18. The apparatus of claim 17, wherein the webpage data includes at least one of text of the webpage and HyperText Markup Language, HTML, code of the webpage, the webpage data not including advertisement data associated with the at least one webpage.

19. The apparatus of claim 17, wherein the at least one webpage is a plurality of webpages, the hashed webpage data being generated for each corresponding webpage; and

the memory further contains instructions executable by the processor that are configured to perform a second logical operation on the hashed webpage data of the plurality of webpages, the generation of the at least one pseudo-random value being based at least in part on the output of the second logical operation.

20. The apparatus of claim 19, wherein the second logical operation is an XOR operation, the hashed webpage data being XORed with one another.

21. The apparatus of claim 20, wherein the first logical operation is a decryption function using the generated pseudo-random value as basis for a key.

22. The apparatus of claim 17, wherein the memory further contains instructions executable by the processor that are configured to apply a steganography scheme to the scrambled message.

23. An apparatus for scrambling a message, the apparatus comprising a scrambling module configured to:

retrieve webpage data of at least one webpage;

perform a hash operation on the webpage data to generate hashed webpage data;

generate a scrambled message by performing a first logical operation on the at least one pseudo-random value and the message.

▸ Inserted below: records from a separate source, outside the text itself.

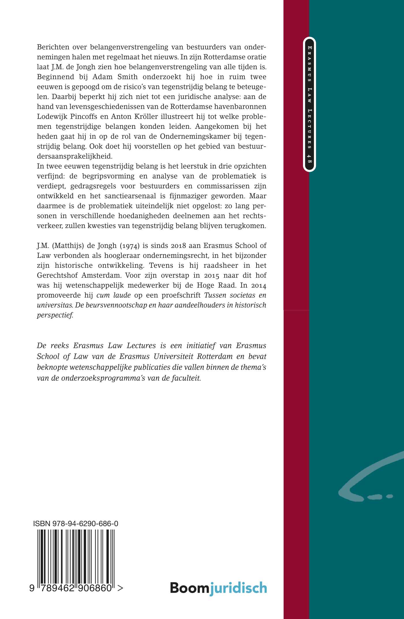 Berichten over belangenverstrengeling van bestuurders van ondernemingen halen met regelmaat het nieuws. In zijn Rotterdamse oratie laat J.M. de Jongh zien hoe belangenverstrengeling van alle tijden is. Beginnend bij Adam Smith onderzoekt hij hoe in ruim twee eeuwen is gepoogd om de risico’s van tegenstrijdig belang te beteugelen. Daarbij beperkt hij zich niet tot een juridische analyse: aan de hand van levensgeschiedenissen van de Rotterdamse havenbaronnen Lodewijk Pincoffs en Anton Kröller illustreert hij tot welke problemen tegenstrijdige belangen konden leiden. Aangekomen bij het heden gaat hij in op de rol van de Ondernemingskamer bij tegenstrijdig belang. Ook doet hij voorstellen op het gebied van bestuurdersaansprakelijkheid.
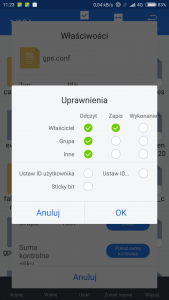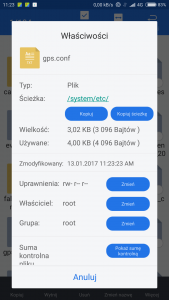 Odświeżam temat aby inne osoby przetestowały fix GPS moim sposobem. Ogólnie na moim Mi4 GPS można powiedzieć, że praktycznie nie działał, a teraz fixa łapie do 10sekund i nie gubi go podczas jazdy. Przy pomocy ES Eksplorer plik gps.conf kopiujemy do " / > system > etc". Root wymagany. (najlepiej zrobić sobie kopie zapasową własnego pliku) Po skopiowaniu pliku ważne żeby zmienić w właściwościach uprawnienia pliku tak jak na obrazku i restart urządzenia. Bez zmiany uprawnień gps nie zadziała gps.conf
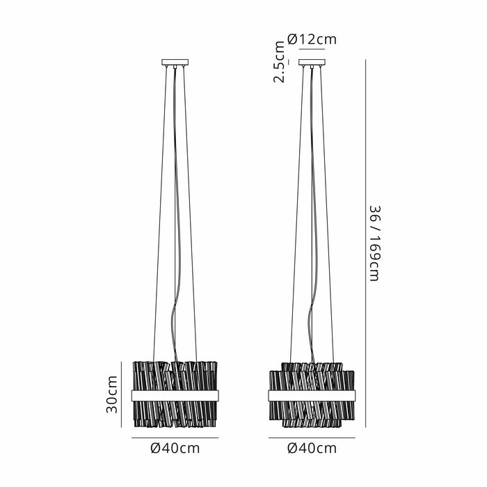 Kaffer offers a wide variety of frame and glass colour combinations. Of the three frame colours; satin black, polished nickel and brass, there are an equal number of glass to choose from; clear, smoked or amber. One of the most unique selling points of this collection is the dual application of how the mixture of long and short glass are fitted to the lights, giving two visual options. Every frame from the pendants to floor lamps can situate the glass either all vertically for a clean cylindrical outline or at a diagonal angle creating a more uneven decorative effect.

24. The apparatus of claim 23, wherein the scrambling module is further configured to apply a steganography scheme to the scrambled message.

25. The apparatus of claim 23, wherein the webpage data includes at least one of text of the webpage and HyperText Markup Language, HTML, code of the webpage, the webpage data not including advertisement data associated with the at least one webpage.

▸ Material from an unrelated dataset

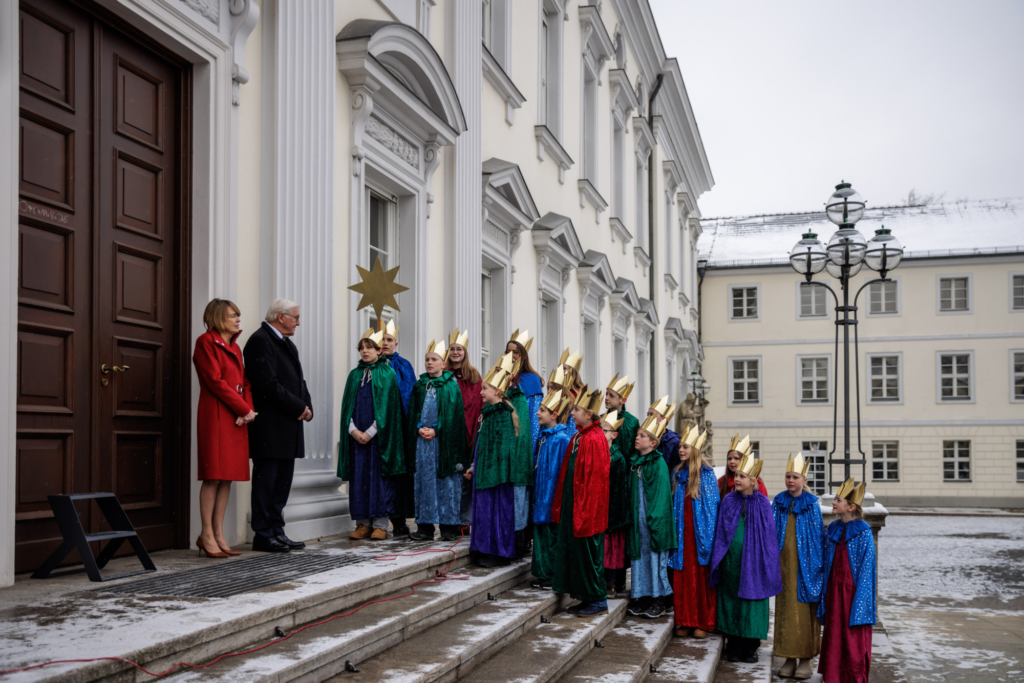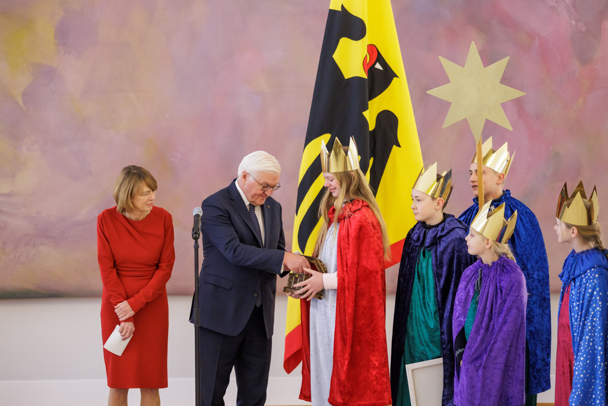 „Meine Frau und ich, wir begleiten die Sternsingeraktion schon seit vielen Jahren. Und wir fanden, dass das was ihr tut, zu wenig Öffentlichkeit erfährt“, sagte Bundespräsident Steinmeier in Richtung der 20 Majestäten. „Und deshalb haben die Sternsinger in diesem Jahr eine ganz prominente Erwähnung gefunden in der Weihnachtsansprache des Bundespräsidenten. Einerseits, weil ich euch herzlich danken will und andererseits, weil ich finde, dass das, was ihr jedes Jahr tut, ohne Aufforderung und ohne bekannt zu sein, viel mehr öffentliche Wertschätzung und Anerkennung verdient als das in den vergangenen Jahren der Fall war“, lobte Steinmeier das Engagement der Kinder und Jugendlichen.

26. The apparatus of claim 23, wherein the message is recoverable from the scrambled message only if the same webpage data is retrieved from the at least one webpage.

27. The apparatus of claim 23, wherein the first logical operation is an encryption function using the generated pseudo-random value as basis for a key.

28. The apparatus of claim 23, wherein the at least one webpage is a plurality of webpages, the hashed webpage data being generated for each corresponding webpage;

the memory further contains instructions executable by the processor that are configured to perform a second logical operation on the hashed webpage data of the plurality of webpages, the generation of the at least one pseudo-random value being based at least in part on an output of the second logical operation.

29. The apparatus claim 28, wherein the second logical operation is an XOR operation, the hashed webpage data being XORed with one another.

30. The apparatus of claim 29, wherein the first logical operation is an encryption function using the generated pseudo-random value as basis for a key.